HDFS client写文件过程 源码分析
HDFS写入文件的重要概念
HDFS一个文件由多个block构成。HDFS在进行block读写的时候是以packet(默认每个packet为64K)为单位进行的。每一个packet由若干个chunk(默认512Byte)组成。Chunk是进行数据校验的基本单位,对每一个chunk生成一个校验和(默认4Byte)并将校验和进行存储。
在写入一个block的时候,数据传输的基本单位是packet,每个packet由若干个chunk组成。
客户端
HDFS客户端写文件示例代码
FileSystem hdfs = FileSystem.get(new Configuration());
Path path = new Path("/testfile");
// writing
FSDataOutputStream dos = hdfs.create(path);
byte[] readBuf = "Hello World".getBytes("UTF-8");
dos.write(readBuf, 0, readBuf.length);
dos.close();在这里插入代码片
hdfs.close();
文件的打开
上传一个文件到hdfs,一般会调用DistributedFileSystem.create,其实现如下:
public FSDataOutputStream create(Path f, FsPermission permission,boolean overwrite,int bufferSize, short replication, long blockSize,Progressable progress) throws IOException {
return new FSDataOutputStream
(dfs.create(getPathName(f), permission,overwrite, replication, blockSize, progress, bufferSize),
statistics);
}
其最终生成一个FSDataOutputStream用于向新生成的文件中写入数据。
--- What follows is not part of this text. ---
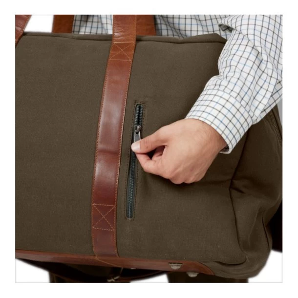 Härkila – Weekendtaske 65L er en fremragende taske til når du skal på weekendtur – den kan holde til meget da den er lavet af det kraftige og slidstærke kanvasstof, og har håndtag, justérbar bærerem og aftageligt navneslit som er lavet af kvalitetslæder. Derudover er Härkila – Weekendtaske 65L med en elstastisk spænderem med kliklås, og har flere forskellige størrelser lommer, så du kan organisere dine ting. Tasken kan lynes fuldstændig op, så det er nemt at pakke ting ned i den og bevare overblikket i din taske.
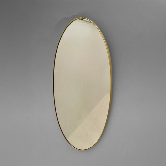 Dieser ovale Vintage-Spiegel aus Messing, der in den 1950er Jahren in Italien hergestellt wurde, strahlt zeitlose Eleganz und einen raffinierten Charme aus, der an den Stil des großen Gio Ponti erinnert. Der raffinierte, auf Hochglanz polierte Messingrahmen umgibt elegant das originale Spiegelglas und unterstreicht die hochwertige Handwerkskunst, die typisch für das moderne italienische Design der Jahrhundertmitte ist.

其成员变量dfs的类型为DFSClient,DFSClient的create函数如下:
public OutputStream create(String src,FsPermission permission,boolean overwrite,short replication,long blockSize,Progressable progress,int buffersize) throws IOException {
checkOpen();
if (permission == null) {
permission = FsPermission.getDefault();
}
FsPermission masked = permission.applyUMask(FsPermission.getUMask(conf));
OutputStream result = new DFSOutputStream(src, masked,overwrite, replication, blockSize, progress, buffersize,
conf.getInt("io.bytes.per.checksum", 512));
leasechecker.put(src, result);
return result;
}
其中构造了一个DFSOutputStream,在其构造函数中,同过RPC调用NameNode的create来创建一个文件。
当然,构造函数中还做了一件重要的事情,就是streamer.start(),也即启动了一个pipeline,用于写数据,在写入数据的过程中,我们会仔细分析。
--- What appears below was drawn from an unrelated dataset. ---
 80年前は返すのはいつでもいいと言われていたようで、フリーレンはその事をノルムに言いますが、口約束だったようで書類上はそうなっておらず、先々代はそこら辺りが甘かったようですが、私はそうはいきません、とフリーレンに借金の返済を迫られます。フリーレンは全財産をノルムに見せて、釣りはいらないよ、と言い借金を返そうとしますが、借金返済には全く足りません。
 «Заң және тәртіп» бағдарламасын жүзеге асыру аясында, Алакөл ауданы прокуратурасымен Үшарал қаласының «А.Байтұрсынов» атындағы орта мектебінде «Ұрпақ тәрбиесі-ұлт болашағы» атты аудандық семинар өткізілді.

DFSOutputStream(String src, FsPermission masked, boolean overwrite,short replication, long blockSize, Progressable progress,
int buffersize, int bytesPerChecksum) throws IOException {
this(src, blockSize, progress, bytesPerChecksum);
computePacketChunkSize(writePacketSize, bytesPerChecksum);
try {
namenode.create(src, masked, clientName, overwrite, replication, blockSize);
} catch(RemoteException re) {
throw re.unwrapRemoteException(AccessControlException.class,QuotaExceededException.class);
}
streamer.start();
}
NameNode
通过rpc调用NameNode的create函数,调用namesystem.startFile函数,其又调用startFileInternal函数,它创建一个新的文件,状态为under construction,没有任何data block与之对应。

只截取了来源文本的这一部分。